Work to be completed: Exact repetition of a range: find the line containing "다나와에 써 있던 제품명은" and the line containing "シ ウバは体調が相当悪かった" in the material below, then repeat both and all lines between them, leaving pictures out.

━━━━

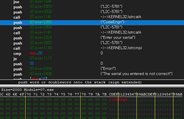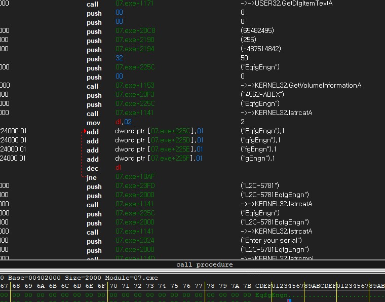 07.exe + 225c 에서 8바이트 만큼 차지하는 CodeEngn은 EqfgEngn으로 바뀌었다고 볼 수 있고,
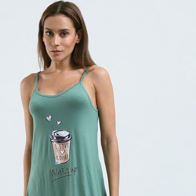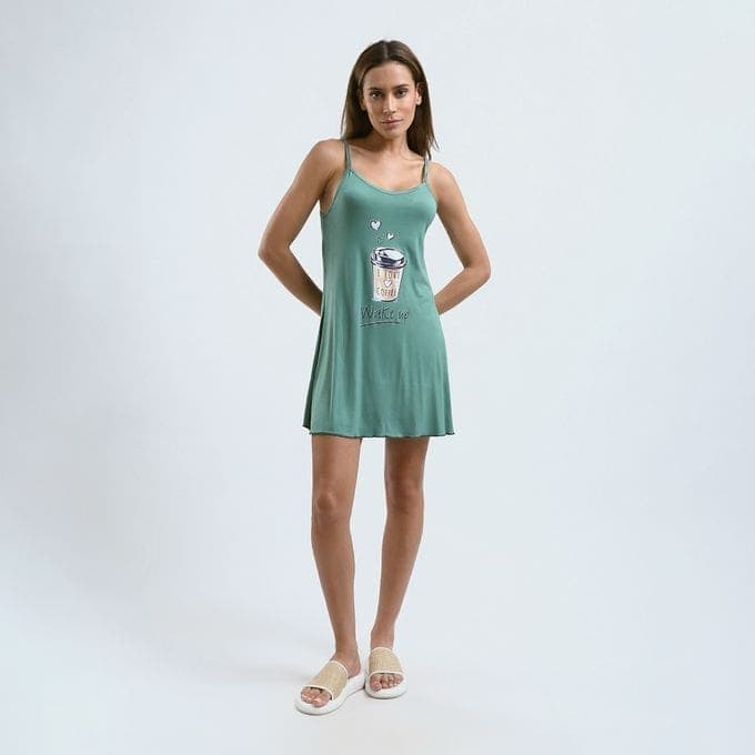 نايت شيرت قطن حماله رفيعه استريتش بطبعه – مينت جرين
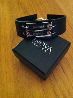 För några månader sedan såg jag en bild på Instagram på ett otroligt läckert armband som skulle passa Martin perfekt. Det var i läder och hade som silverplattor där man kunde få vilken text man ville. Jag visade bilen för sönerna som var med på noterna direkt! Texten dividerades lite mellan killarna, att det skulle stå något med pappa eller farsa var givet. Det stod mellan Bonus Farsa, Bonus Pappa eller Farsan Baloo. Till slut föll valet på Bonus Pappa, ett ord på varje platta.
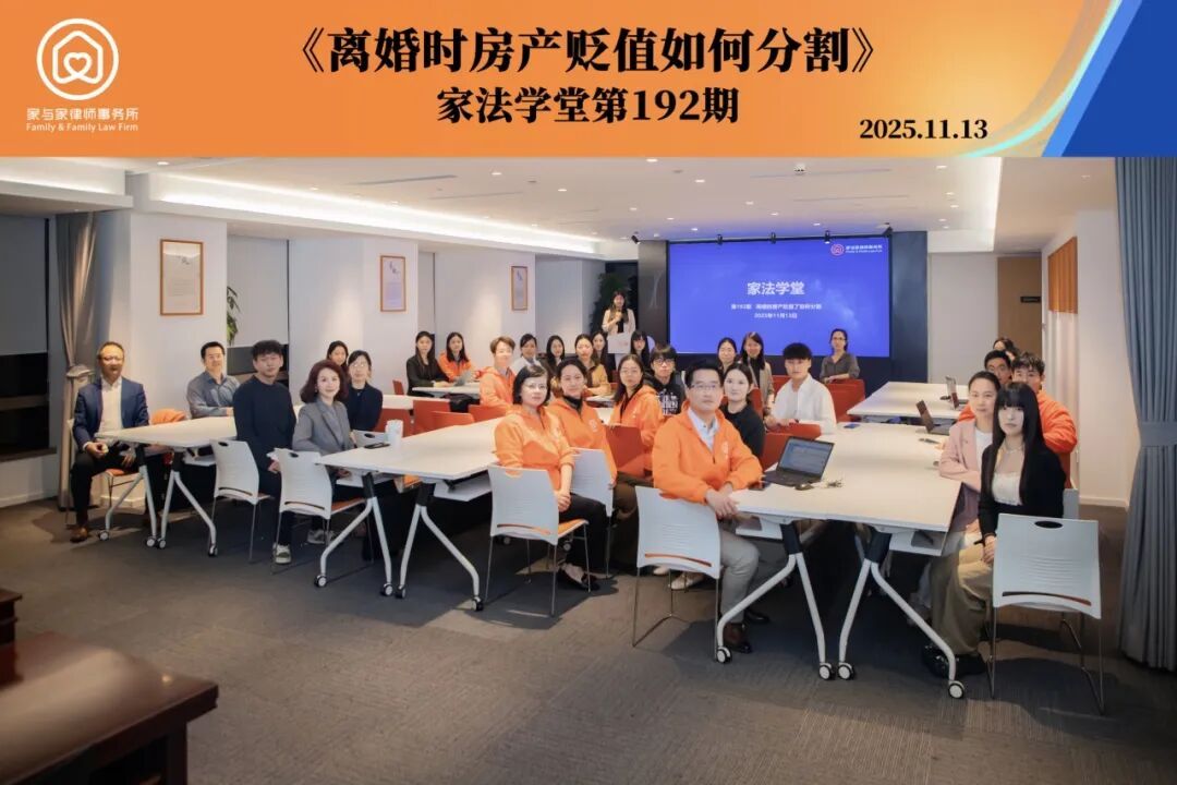 11月13日,上海家与家律师事务所开展第192期家法学堂活动。本次活动聚焦“离婚时房产贬值了如何分割”这一实务热点展开,主讲人为家与家律师事务所冀丹丹。
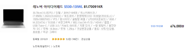 다나와에 써 있던 제품명은 “레노버 아이디어패드 S530-13IWL 81J70091KR” 입니다.
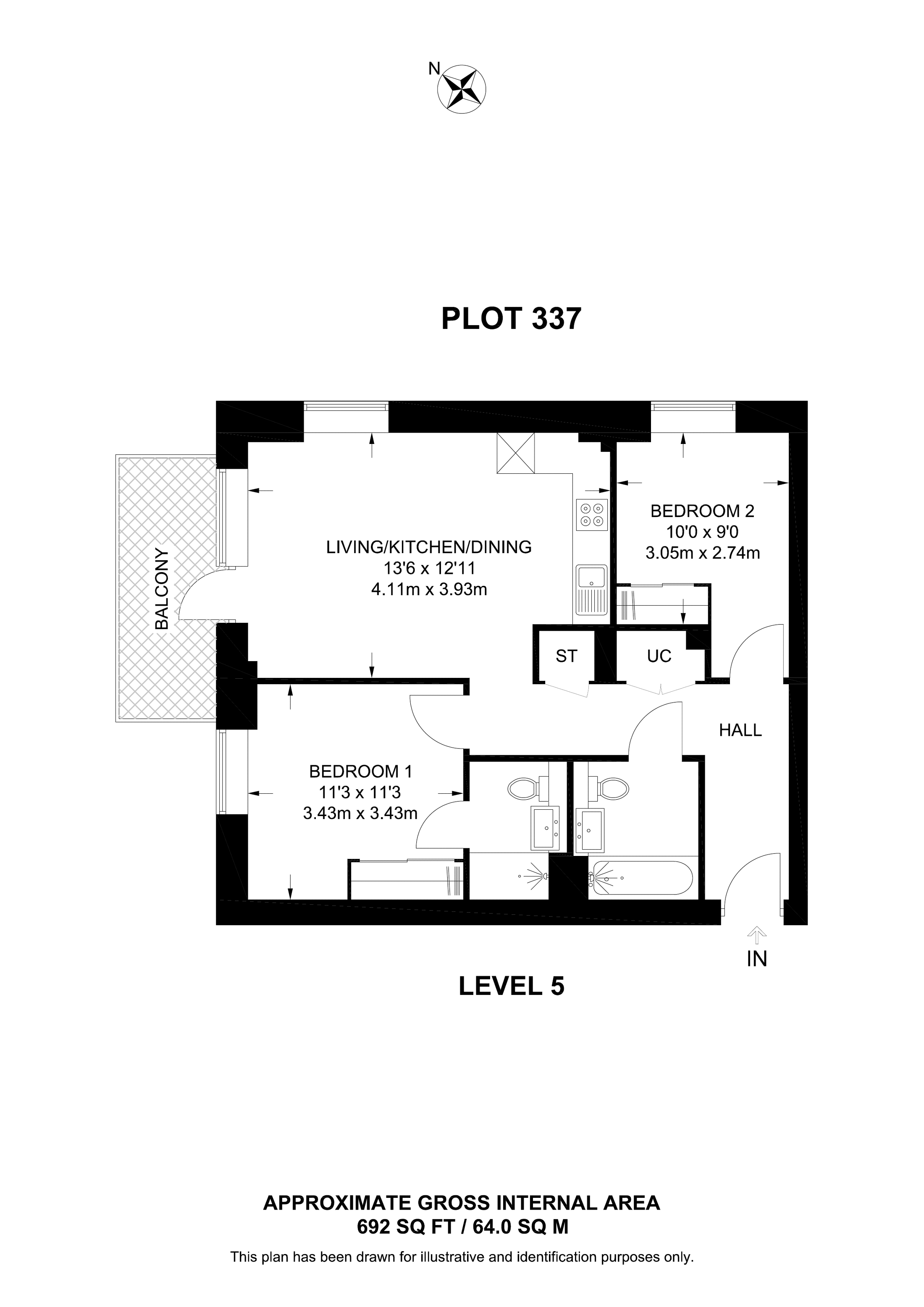 £561,000 North West aspect. 5th floor flat | 2 Beds | 689 Sq Ft64 Sq M | ||
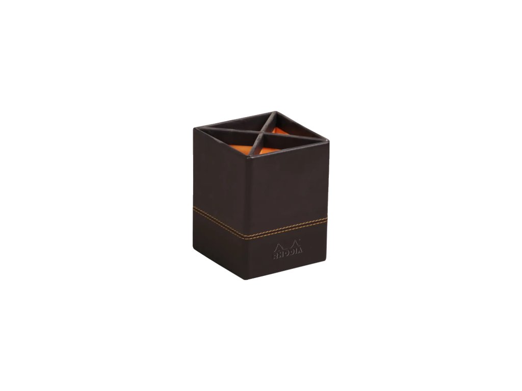 Praktický a elegantní stojánek na psací potřeby vyrobený z italské imitace kůže s ozdobnými oranžovými stehy. Vyražené logo Rhodia.
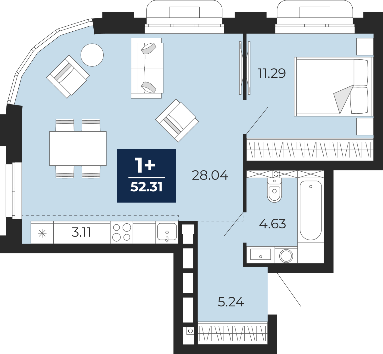 - Общая площадь 52.31 м²
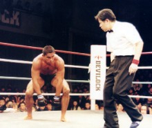 シ ウバは体調が相当悪かったのであろうか。ファイトの最中にヒザに手を付いて休もうとして打撃をもらったり、座り込んでなかなか立ち上がれなかったりと、会場から失笑を浴びることしきりだった。「試合中ゲロ吐かれたらたまらんな」と真剣に心配したほどである。
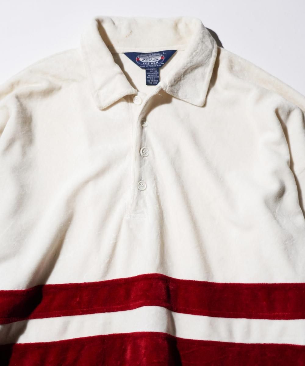 90年代の空気感を纏った、KNIGHT BRIDGEの長袖ポロシャツです。上質なベロア素材を贅沢に使用し、柔らかなオフホワイトをベースに、胸元の鮮やかなレッド、そして裾と袖口のシックなネイビーの3色で大胆に切り替えられたデザインが、個性的なコントラストを生み出しています。襟付きのハーフボタンタイプで、カジュアルながらもどこか上品な印象を与えます。ゆったりとしたシルエットは、リラックスした雰囲気で、大人のカジュアルスタイルにぴったり。 独特なカラーブロッキングと、ベロアの素材感が際立つ一点。個性的なファッションを楽しみたい方や、90年代スタイルがお好きな方におすすめのアイテムです。

━━━━

Output of the exercise:
 다나와에 써 있던 제품명은 “레노버 아이디어패드 S530-13IWL 81J70091KR” 입니다.
 £561,000 North West aspect. 5th floor flat | 2 Beds | 689 Sq Ft64 Sq M | ||
 Praktický a elegantní stojánek na psací potřeby vyrobený z italské imitace kůže s ozdobnými oranžovými stehy. Vyražené logo Rhodia.
 - Общая площадь 52.31 м²
 シ ウバは体調が相当悪かったのであろうか。ファイトの最中にヒザに手を付いて休もうとして打撃をもらったり、座り込んでなかなか立ち上がれなかったりと、会場から失笑を浴びることしきりだった。「試合中ゲロ吐かれたらたまらんな」と真剣に心配したほどである。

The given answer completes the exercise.